BLBG:Treasuries Set for Weekly Loss on Speculation U.S. Added Jobs Last Month
Treasuries headed for a weekly loss as economists said a government report today will show U.S. employers hired more than 200,000 workers for a third month, adding to signs the economy is gathering momentum.
Demand for the relative safety of U.S. debt was also damped as European stocks held yesterday’s rally after the Greek government said it reached its target in the biggest sovereign restructuring in history. Interest-rate swap spreads indicate increasing demand for yields higher than those on Treasuries.
“The firmer tone to so-called risk assets such as equities imparts a bit of an upside bias” to yields, said Marc Ostwald, a strategist at Monument Securities Ltd. in London. “A lot clearly hangs on the U.S. payrolls data today. The key issues for Treasuries at the moment are sentiment in the equities market and domestic data.”
The U.S. 10-year yield was little changed at 2.02 percent at 10:13 a.m. London time, according to Bloomberg Bond Trader prices. The 2 percent note maturing in February 2022 traded at 99 27/32. The yield has risen four basis points, or 0.04 percentage point, this week, the most since the period ended Feb. 10.
The Stoxx Europe 600 Index of equities was little changed and the MSCI Asia Pacific Index climbed 1 percent.
Payrolls Report
Estimates for the number of U.S. workers hired in February range from 125,000 to 275,000, according to a Bloomberg survey of 94 economists. The median estimate is for a reading of 210,000. January’s gain of 243,000 was the most since April, when employers took on 251,000 workers. The Labor Department will report the data at 8:30 a.m. in Washington.
The difference between the two-year swap rate and the yield on U.S. debt of a similar maturity narrowed to as little as 24 basis points today, the lowest in almost seven months. U.S. government bonds have dropped 0.5 percent this year, while corporate debt gained 3.2 percent, according to Bank of America Merrill Lynch indexes.
Treasuries fell yesterday as Greece’s debt-swap deadline approached with a majority of investors signaling their readiness to forgive some of the nation’s borrowings, boosting risk appetite and damping demand for the refuge of U.S. bonds.

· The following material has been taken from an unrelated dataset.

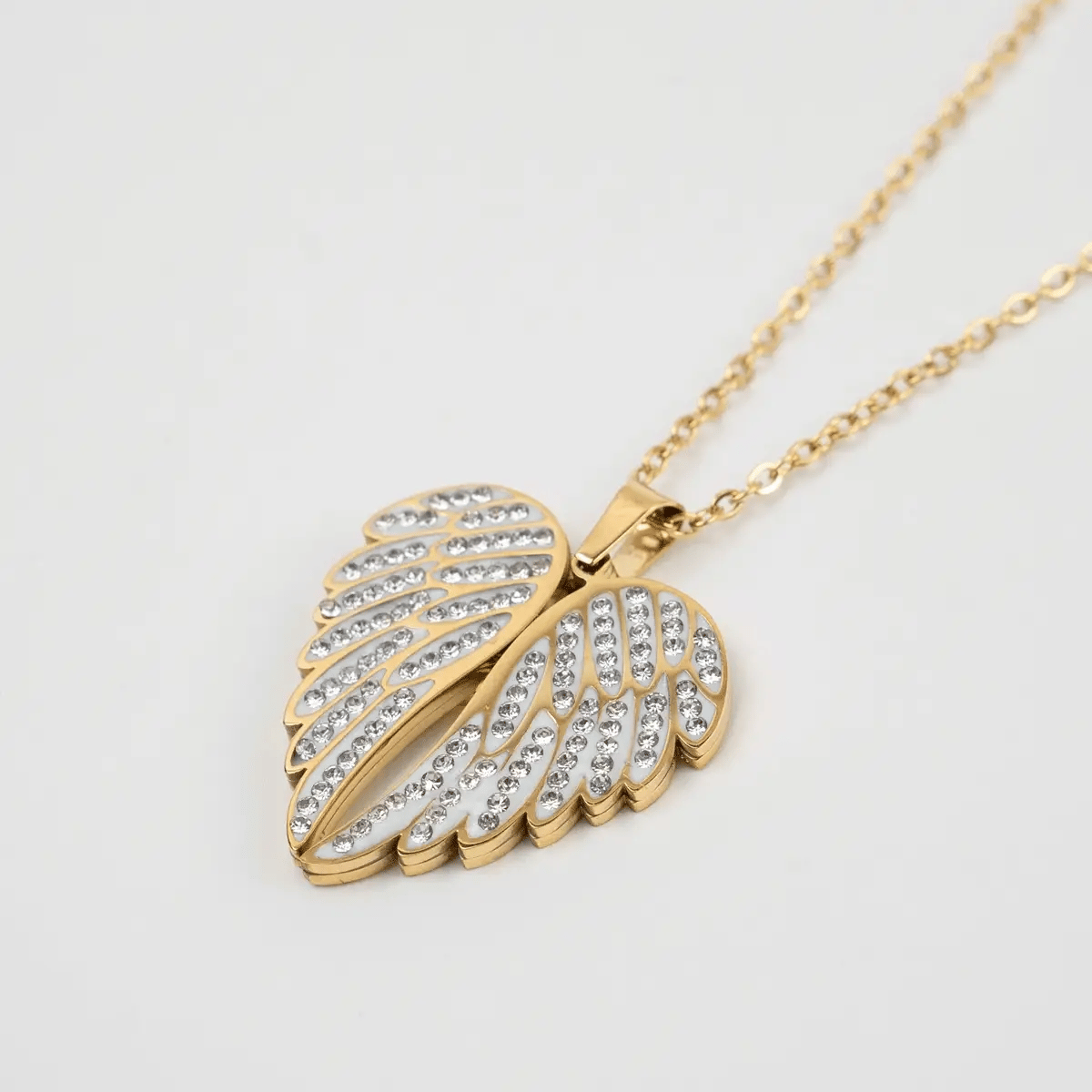 Ten naszyjnik odzwierciedla anielską esencję dzięki dwóm delikatnie wykonanym skrzydłom, które otwierają się, odsłaniając cenne serce.

Greece today said it has a 95.7 percent participation rate among investors after it received approval to activate so-called collective action clauses.
Price Swings
U.S. 10-year notes yesterday yielded about 21 basis points more than same maturity German bunds, the most since November.
Bank of America Merrill Lynch’s MOVE index, which measures price swings based on options, rose to 76.6 yesterday after dropping to 75.1 the previous day. The measure has tumbled from 117.8 on Aug. 8 as central banks stepped up efforts to ease tension in financial markets.
The U.S. said it will sell $32 billion of three-year notes, $21 billion of 10-year debt and $13 billion of 30-year bonds next week. The auctions will take place over three days starting March 12.
The Federal Reserve plans to sell as much as $8.75 billion of U.S. debt due from August 2013 to January 2014 today, according to the New York Fed’s website.
The central bank is in the process of swapping $400 billion of shorter-maturity Treasuries in its holdings with longer-term bonds to cap borrowing costs.
The Fed’s Open Market Committee is scheduled to hold a policy meeting on March 13. The central bank said in January that it would keep the benchmark interest rate at almost zero through at least late 2014.
The Fed has held its target for overnight lending in a range of zero to 0.25 percent since December 2008. The MSCI All Country World Index (MXWD) of stocks reached the lowest level since 2003 on March 9, 2009, three years ago today. It has returned about 90 percent since then including reinvested dividends. Treasuries gained 15 percent in the period, the Bank of America indexes show.
Ten-year yields, which have been in a range of 1.79 percent to 2.09 percent this year, will advance to 2.53 percent by Dec. 31, according to the average estimate of economists in a Bloomberg News survey, with the most recent forecasts given the heaviest weightings.